At home at fenway

Keeping an eye on Chaim, Raffy & a few good books

Archive for July, 2022

Patience for baby Bello is appropriate

Posted by athomeatfenway on July 12, 2022

For my own secretive reason I decided that Brayan Bello’s MLB debut would be one I’d attend.

I struggle with the ballpark.  As much as I love Fenway, I would gladly give up going there for 5 years if they would just retrofit 25,000 wide & cushy seats into the old park, disposing of the rest, making it comfortable for humans over 150 pounds.

Screw it.  I would sacrifice comfort for history.  I would see the guy that Pedro Martinez says has a “super unique set of talent and heart.  And the most important one.  The brain”.[i]

Yeah. It’s not good English. But you know what Pedro was saying.

 I drove the Pike eastward recalling other Fenway debuts I’d attended.  Justin Masterson came to mind.  The son of missionaries, the 6’6” righty allowed just 1 run in 6 innings, striking out 4 Angels on April 24, 2008.  Justin went on to a very good 8 year career.  He led the league in starts (34 in 2012) and shutouts (3 in 2013) as an Indian.  Besides all of that, he was a very nice person.

On July 7, 2022, at 7:05 pm, Bello threw a 95 mph sinker for a strike to Josh Lowe of Tampa, his first chuck.  A scouting report ( that his sink is his best pitch.  He can throw it low in the zone, inducing swinging strikes and ground ball outs consistently.

Mr. Lowe briskly clocked the very next pitch 350 feet to center where Jarren Duran captured it for out #1.  Yandy Diaz then pelted the Green Monster with a double.  Wander Franco than singled Yandy home.

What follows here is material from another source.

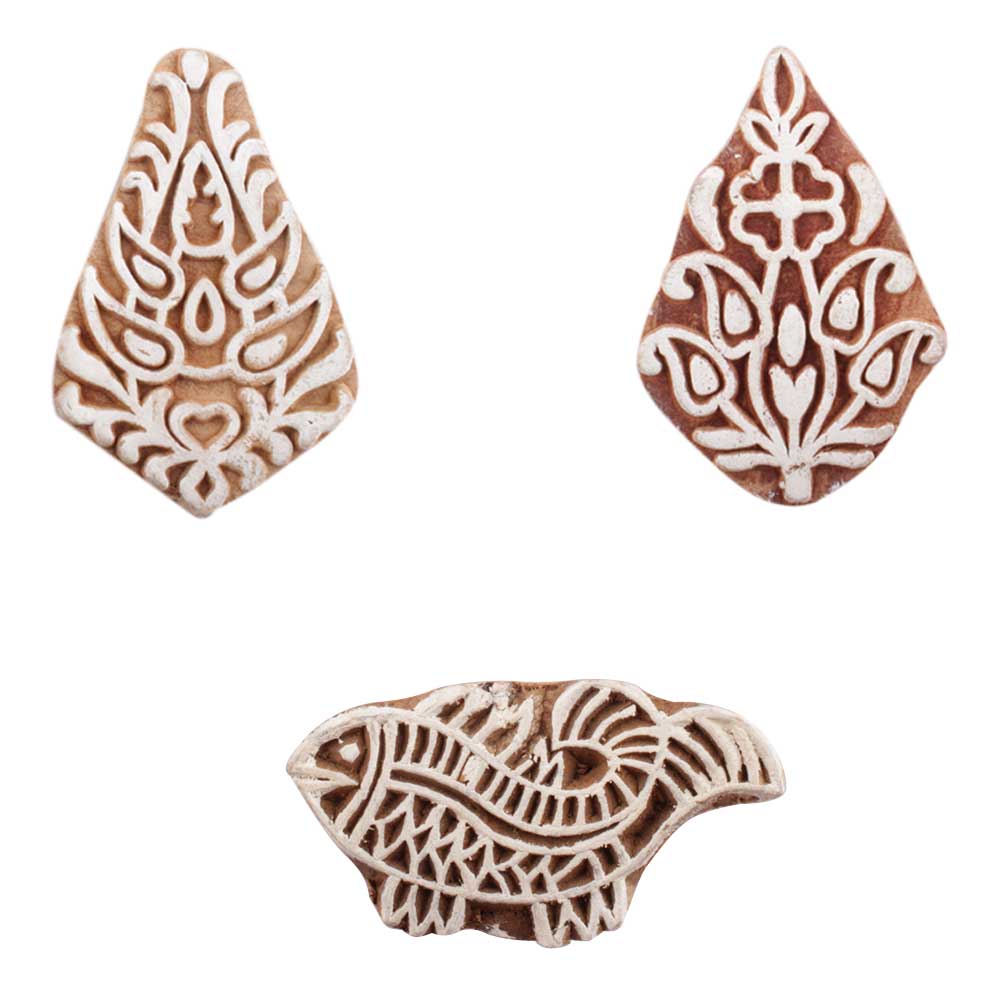 Set of 3 Piece New Mix Wooden Printing Block. Ideal for use on Fabric, Paper, Canvas, etc. These Blocks can be use to Print with Oil Colors, Fabric Colors, Water Colors, Acrylic Colors and Vegetable Colors.

After an infield single by Slim Fast Choi, Bello ended the inning with a dandy 1-4-3 double play. 

With the exception of Slim Fast, all contact by Tampa hitters therein was s-o-l-i-d.  BB seemed so hittable.

The next 3 innings were up and down for Bello.  He faced just 4 batters in the scoreless second.  He exploded in the third – yielding 2 walks and 3 hits, but managing to look great while striking out Franco.  Bello finished with 4 innings, 6 hits, 3 walks and 4 earned runs.

Meanwhile, soft tossing Corey Kluber fired cheese sticks and wet noodles at the baffled Red Sox batters.  85 mph cutter.  82 mph curve. 89 mph sinker.  80 mph curve.  (According to the scoreboard.)  They couldn’t touch the guy.

The final was Tampa 7, Boston 1.  Bello took the loss.

You may know that one Boston paper had touted BB as the most important pitching prospect in Beantown since Jon Lester, and that the youngster might be as good as Pedro Martinez.

Points of comparison:  In his 2006 debut, Lester went  5 innings and allowed 3 earned runs.  He rebounded in his next start:  1 run in 6 innings.  Pretty damn good.

Pedro Martinez’s debut as a starter (1992) was even better.  He gave up 2 runs in 6 innings, striking out 7.  His second start was a giant step backwards, but what the hey. Great things take time.

Mr. Bello was athletic, nimble and quite capable of “easy speed” in his debut, I say.  He also looked nervous.

The Red Sox have many reasons to believe that this game was a stress induced disaster and that he has the tools needed.

I’ll watch his second start this evening with great interest.